LAWRENCEVILLE, Ga. — A Gwinnett County police officer testified the man accused of killing a woman during a string of 15 hit-and-run accidents likely rammed the vehicles on purpose.

Channel 2's Kerry Kavanaugh was at the Gwinnett County Jail Friday as investigators testified about the disturbing way they said the 70-year-old suspect described his time behind the wheel.

Michael Snider's has been in the jail since a massive accident investigation began last week.

The lead investigator on the case testified Friday that when officers encountered Snider, he told them it was like he was in a video game.

Snider walked into the courtroom with bandages on his arms. Police said he was scratched up from 15 hit-and-run crashes spanning two counties and 18 miles.

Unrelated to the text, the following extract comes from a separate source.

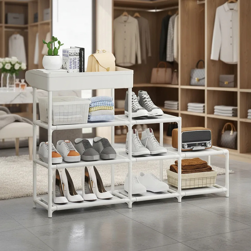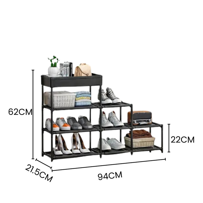 Más espacio entre niveles para guardar desde zapatillas hasta botas sin deformarlas. Ideal para mantener el calzado ventilado y ordenado.

"The initial investigation shows that he was intentionally ramming vehicles," said Officer Wilber Rundles of the Gwinnett County Police Department.

Rundles said multiple drivers were hit more than once.

Channel 2 Action News spoke to one of those drivers moments after the crashes unfolded on Jan. 23.

"He intentionally tried to hit me. He chased me down the road," driver Dennis Brown said that night.

In the final wreck, police said Snider pinned a sedan under a tractor-trailer, killing Mintiwab Woldeyhans, 73, of Loganville.

The officer testified her daughter, Yeshihareg Abebe, 51, has a broken clavicle and is suffering from bleeding in the brain.

Snider ultimately crashed his pickup into a restaurant. That's when the first police officers encountered him.

"He said that he felt like he was playing a video game, that we needed to check out the video game he was playing," Rundles said.

Snider's defense attorney implied that could be a sign of mental instability.

"We kept hearing things about an overwhelming odor of alcohol, and yet when there was some question of his stability. That hasn't been investigated at all," defense attorney Christine Coehler said.

Coehler wouldn't comment further on the case, saying there's too much information she doesn't have.

"I watched you on TV going page-by-page through the police report, which is great; you're doing your job; that's wonderful. I've requested those same police reports. They've not been made available to me," Coehler said.

There were several members of Snider's family at the hearing. They had no comment.